Tool output is designed for humans: source diffs, line annotations, timing breakdowns, absolute paths repeated on every line. Useful on a terminal. Expensive in a model context, especially on failure when output is most verbose and the model needs to act fast.

  • Test runners: 3 tests, 1 passing, 1 assertion failure, 1 unexpected error.
  • Linters: 1 unused variable warning in a single file.

| Parser | Raw (tokens) | Structured (tokens) | Reduction | Notes | |---|---|---|---|---| | junit-xml (maven) | 1063 | 86 | 92% | build lifecycle noise with surefire stack traces per failure | | junit-xml (go) | 400 | 58 | 86% | verbose output with full stack trace per failure | | junit-xml (dotnet) | 487 | 107 | 78% | build header and VSTest output with per-failure stack traces | | vitest-json | 348 | 75 | 78% | source diff with inline arrows and ANSI color codes per failure | | cargo-test | 285 | 68 | 76% | cargo progress + test binary output with panic traces per failure | | junit-xml (pytest) | 289 | 71 | 75% | verbose output with source snippets and summary footer | | rspec-json | 212 | 55 | 74% | default output with backtrace | | junit-xml (gradle) | 263 | 81 | 69% | gradle console output with build lifecycle noise | | junit-xml (jest) | 309 | 99 | 68% | source annotations with deep jest-circus stack traces per failure | | cargo-build | 225 | 77 | 66% | rustc error annotations with code spans and help text per error | | minitest-text | 168 | 59 | 65% | default output with backtrace | | ruff-json | 107 | 52 | 51% | source context + help text per error | | eslint-json | 64 | 59 | 8% | already compact formatter |

Tokens counted with cl100k_base (tiktoken).

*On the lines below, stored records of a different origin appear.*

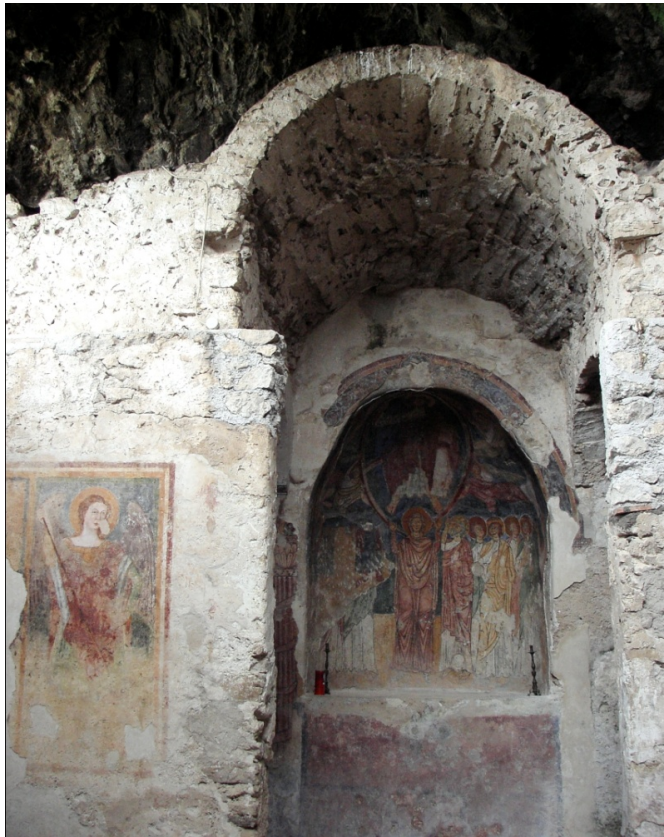
Figure 52 : Roccasecca, vue du chœur et du transept avec sa couverture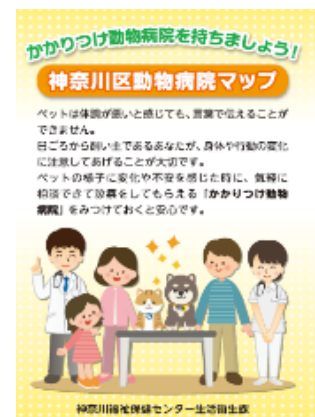
かかりつけ動物病院啓発リーフレット

飼い主へ普段から何でも相談できる「かかりつけ動物病院」を持つことや、気象災害・火事等の被災や飼い主の入院等によるペットの一時預け先を考えておくことについて、リーフレットにより啓発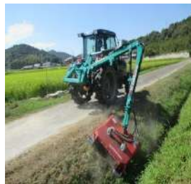
例：農業用設備 (トラクター用 アーム式草刈機)

認定農業者、新規就農者（認定新規就農者又は人・農地プランに位置付けられた就農5年以内の中心経営体）及び認定農業者となることが確実と認められる集落営農法人等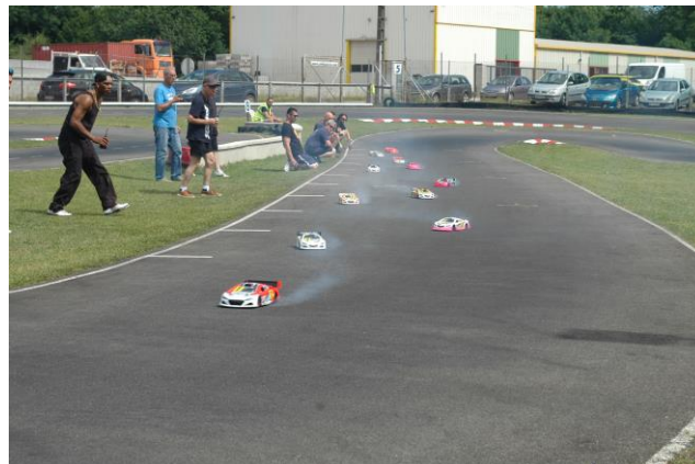
Départ Finale Elites

Linter output is more compact than test runner output to begin with, so the baseline reduction is lower. The numbers above are measured against a single file with a single error — a conservative lower bound. Both ruff and eslint repeat absolute file paths per error in their raw output, so reduction grows as violations spread across more files.

Pipeline tools

dbt output is the noisiest tool in this repo relative to useful signal. Every run prints version info, adapter registration, project stats, concurrency settings, and per-node start/finish lines — all before any result.

The numbers below use 3–4 model toy examples; real projects run hundreds of models where the noise scales linearly and reduction compounds.

  • dbt run: 4 models, 1 passing, 1 DB error, 1 permissions error, 1 DAG skip.
  • dbt test: 3 tests, 1 passing, 1 uniqueness failure, 1 unit test diff.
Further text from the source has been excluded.